AI Tooling Case Study - A Better Reader for Documents

Post at — Jan 05, 2026

Over the holiday break as a side project I built a high-performance document viewer in React that supports PDF and scanned documents. It provides a seamless reading experience with progressive loading, advanced search, native-like text selection, advanced document comparison capabilities, integrated AI chat, etc.

bread-viewer.png

  • I used Cursor CLI almost exclusively for all code writing on the frontend
  • Gemini 3 Flash was my primary work horse, with Gemini 3 Pro for harder problems and planning. I switched to Sonnet 4.5 when Gemini got stuck or I needed a second opinion.
  • Used ~500M tokens for the project (Dec 18->Jan 4)
  • Generated and individually reviewed about 200 commits, including some challenging algorithms, performance optimizations, Storybook, unit testing, and many big refactorings along the way.
  • The backend was simple enough that I ended up re-coding most of it by hand. AI kept getting tripped up by our Staging env deploy ID setup, and I got tired of correcting the AI.
  • Only a couple runaway prompts and Cursor crashes. 100K tokens is about the max before I’d have to start a new conversation.
  • Building the custom routing / modal logic really threw AI for a loop, I guess because it went against the grain of its training data.
  • Small files with highly targeted prompts and super tight review feedback loops work so much better than large one-shot hail mary attempts.
  • I had no Cursor rules files for this project. All vanilla prompts, with a README.md and ACHITECTURE.md doc so I didn’t have to repeat myself in the prompts.
  • Having a unique name for the project (“bread”) helped AI search the relevant code files more easily I think.

bread-cursor-usage.png

Gemini Flash is great for most rote tasks, and it’s crazy fast. But when it gets confused, it tends to generate more tokens and cost more than if I had just used Gemini Pro 3. I stayed away from Opus 4.5 because of the 10x cost, but everything I’ve read (and later experienced) shows it to be even better than Gemini Pro 3 at coding.

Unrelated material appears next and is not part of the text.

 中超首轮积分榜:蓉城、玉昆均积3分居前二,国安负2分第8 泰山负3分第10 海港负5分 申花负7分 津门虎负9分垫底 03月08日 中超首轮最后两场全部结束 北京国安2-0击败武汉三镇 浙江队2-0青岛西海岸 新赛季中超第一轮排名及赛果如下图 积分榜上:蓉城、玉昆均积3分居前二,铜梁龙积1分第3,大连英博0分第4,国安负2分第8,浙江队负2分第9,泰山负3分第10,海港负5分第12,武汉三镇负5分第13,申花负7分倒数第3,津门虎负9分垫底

AI coding models and tooling feels like a step change in effectiveness since the last project I built at this scale 1 year ago.

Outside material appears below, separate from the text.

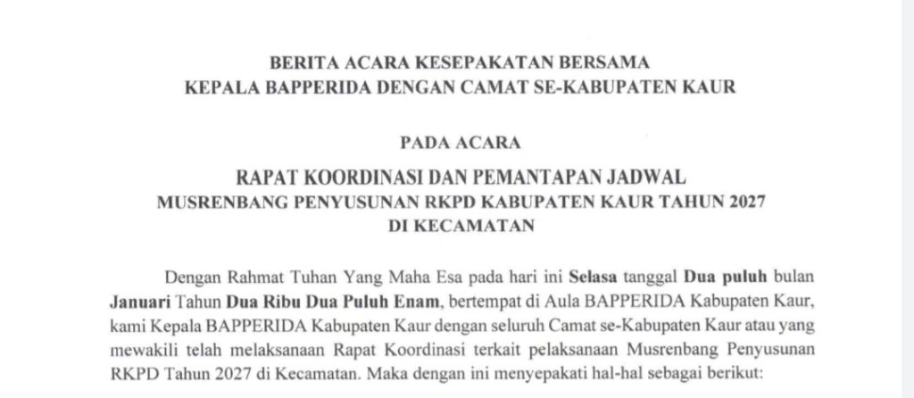 KAUR, BT.M – Langkah strategis pembangunan Kabupaten Kaur untuk tahun 2027 resmi dimulai. Badan Perencanaan Pembangunan Riset dan Inovasi Daerah (Bapperida) Kabupaten Kaur bersama seluruh Camat se-Kabupaten Kaur melakukan penandatanganan berita acara kesepakatan bersama terkait jadwal pelaksanaan Musyawarah Perencanaan Pembangunan (Musrenbang) tingkat kecamatan.

If I had to write it all by hand and think through all the algorithms myself, this project would have easily taken me 1 year full time, probably longer. Instead it took about 2 weeks. And I was able to have a relaxing vacation while doing it! When I had a spare moment I’d kick off a prompt, let it churn in the background, then come back to review it when I freed up again. I didn’t need the 100% focus that I would if I were writing all the code by hand. Very little willpower needed to keep going.

I haven’t had this much fun building software since I was a kid.